Die Überraschung mich zu sehen, spiegelte sich nur einen Augenblick lang in seiner Miene, bevor sie sich verdunkelte. Mit einer von Farbflecken übersäten Hand fuhr er sich über das zerzauste Haar. Die Schatten unter den Augen verrieten, dass auch er kurze Nächte hatte.
„Was machst'n du hier?“
All mein Mut kippte. Natürlich, wenn er mich bei sich hätte haben wollen, hätte er mir eine Nachricht geschickt. Was also tat ich hier? Mein Verstand ratterte sämtliche Antworten herunter und blieb an der Wahrheit hängen wie klebrige Schokoladentorte an Zunge und Gaumen.

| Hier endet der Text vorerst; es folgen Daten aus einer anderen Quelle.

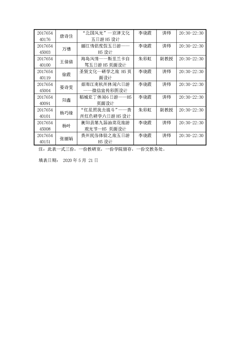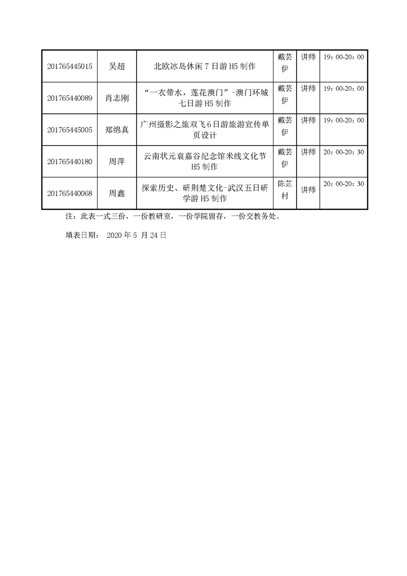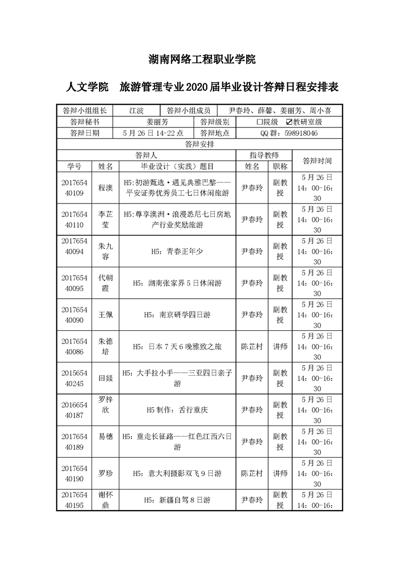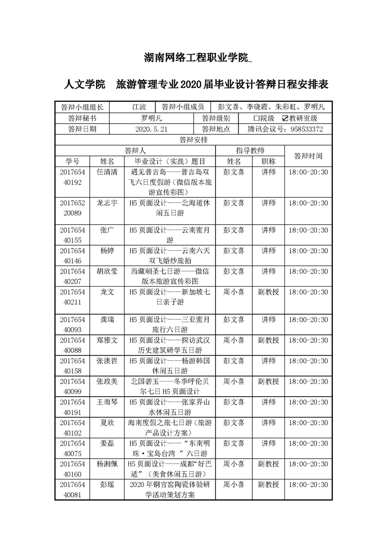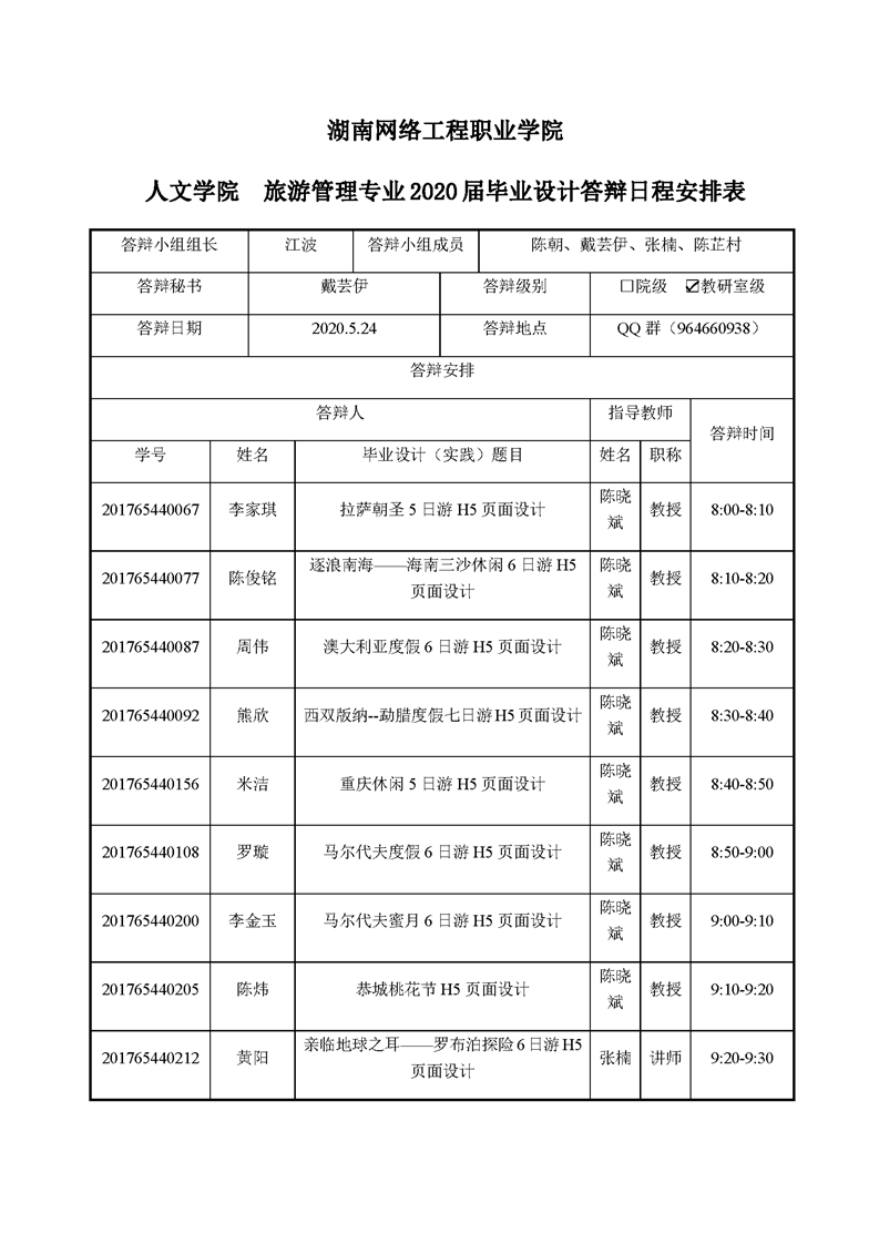 2020届旅游管理专业毕业设计答辩日程安排表

'Ich wollte dich sehen. Ich wollte dir sagen, dass du das beste und aufregendste bist, dass mir seit Jahren passiert ist. Und dass selbst dein Vater, dieses Arschloch, daran nichts ändern wird. Denn du bist absolut unglaublich und ich... ich habe dich vermisst. So sehr, wie ich bisher nur eine Person vermisst habe. Und das hat doch etwas zu bedeuten?'
Ich streifte meine Tasche von der Schulter und ließ sie zu Boden gleiten.
„Ich kann die Sachen nicht länger Zuhause verstecken“, antwortete ich stattdessen mit belegter Stimme.
Auch das stimmte, denn ich war mir sicher, dass mich das gestohlene Zeug um den Verstand bringen würde. Seine Augen wanderten von der Tasche zu mir. Keiner von uns wagte es, die Distanz zwischen uns zu verringern. Sein Mund, der sonst immer von einem selbstsicheren Lächeln umspielt wurde, blieb ausdruckslos wie der Rest seines Gesichts. Wir waren tatsächlich zu Fremde geworden, die neu beginnen mussten.
„Ist hübsch geworden“, sagte ich mit Blick auf die Graffitis, um das unangenehme Schweigen zu brechen.
Er zuckte die Achseln, schüttelte die Dose, sodass die Kugel darin aufgeregt gegen das Gehäuse klackerte und ließ sie genervt zu Boden fallen.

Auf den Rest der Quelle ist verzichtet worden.